Neil risqua un coup d’œil du côté du frère et de la sœur. Ce qu’il lut sur leur visage
quasi-identique fut saisissant. C’était une émotion oscillant entre l’écœurement et la
haine. Wow ! Ces deux-là devaient avoir un sérieux problème.
Inconscient des aigreurs qu’il provoquait chez les faux jumeaux, Aedan ne
semblait pas plus que cela ému par l’admiration béate qu’il suscitait autour de lui. Il fit
un non de la tête à Stephen, et épongea sa sueur d’une serviette jaune pâle tirée de son
sac. Le contraste avec sa chevelure aux teintes cuivrées, baignée de soleil, rendait le
tableau très artistique. Quelques mèches luisaient de reflets incandescents, comme si
elles s’étaient dissimulées dans la broussaille sombre du reste de sa capillarité. C’était
fascinant.
En fait, tout était fascinant chez ce mec. OK, ça commençait dangereusement à
friser l’obsession, réalisa Neil. Il s’admonesta mentalement sans que ça ne vienne à bout
de sa curiosité déplacée. C’est à peine s’il nota qu’à la distance où il se tenait, il n’aurait
pas dû entendre la conversation d’Aedan avec autant de clarté.
— De temps en temps j’y joue pour me détendre.
— Tu charries ? renifla Stephen.
— Ce n’est pas dans mes habitudes, répondit-il avec ce laconisme qui ne faisait
qu’accroître le mystère autour de sa personne.
— Ça te dit de remettre ça ? proposa Derreck. Hors du lycée. Les regards ont
tendance à étouffer mon véritable potentiel.
Aedan toisa Derreck de ses yeux perçants, avant qu’un début de sourire ne relève
le coin de ses lèvres.
— Intéressant. Fixe un jour et je m’arrangerai à être disponible.
— Ramène des copains, proposa Derreck.
— Ça te ferait trop mal, railla Aedan. Une humiliation en règle est la dernière
chose dont ton ego ait besoin… Simba, rajouta-t-il d’un air provocateur.
Derreck fronça les sourcils puis choisit d’en rire.
— Je t’assure que mon ego est très « élastique ».
4
Réflexion – tome 1
Le rire d’Aedan mit certains élèves au bord de la pâmoison.

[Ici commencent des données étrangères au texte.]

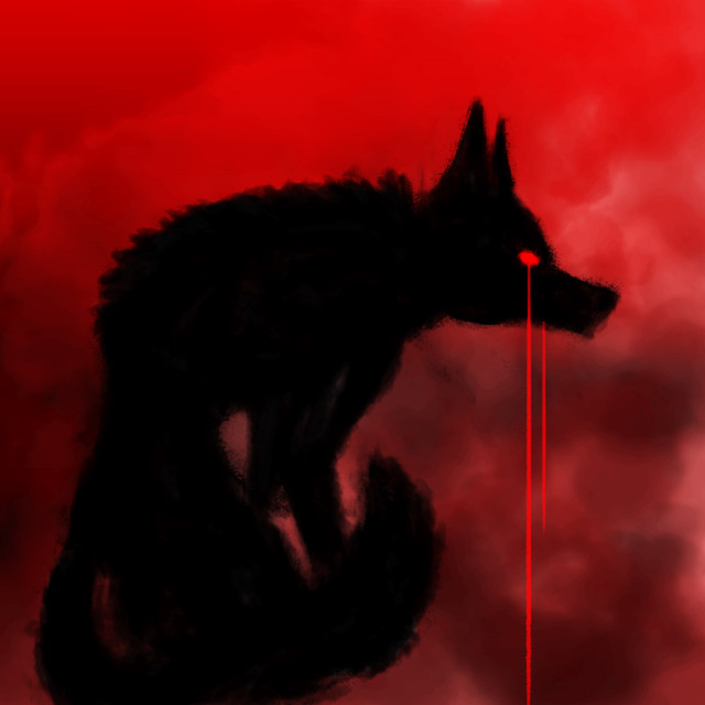 i love the.. gravity? in this piece. with the black-ness dripping out the hole in its face, but the body tilting upwards and the fur on the back spiking right up- it looks amazing.

Le rictus de colère
des Efraïm attira à nouveau l’attention de Neil. Il fallait peut-être qu’il cesse de suivre les
faits et gestes de ces jumeaux. Mais il ne pouvait s’en empêcher, sentant comme une
menace latente sur laquelle il devait toujours garder un œil.
— Par contre pour Simba… dis-moi que tes références ne sont pas merdiques à ce
point, grommela Derreck.
Mais Aedan ne l’écoutait plus. Derreck suivit son regard alors qu’il venait
brusquement de lever les yeux. Un contact visuel s’établit avec Neil toujours assis dans
les gradins. Il eut l’impression d’être pris en flagrant délit de matage. Si Derreck esquissa
son sourire à la fois moqueur et charmeur, Aedan se rembrunit, son visage n’exprimant
plus que de la frustration.
Neil se détourna vivement mais le mal était déjà fait. De sa vision périphérique, il
vit Derreck se faire songeur face à l’attitude de son interlocuteur. Merde, ça se corsait. Le
curieux intérêt d’Aedan pour sa personne commençait à titiller Derreck. La dernière
chose dont il avait besoin était un combat de mâles ! Ça lui arracha finalement un rire
lorsqu’il prit conscience de l’absurdité et de la présomption de sa pensée.
Un combat de coqs pour l’imposture qu’il était ? Ouais, dans ses délires les plus
fous. La Meute des Neuneus avait ce défaut de rêvasser en plein jour.
— Vous venez du même lycée ? s’enquit Derreck.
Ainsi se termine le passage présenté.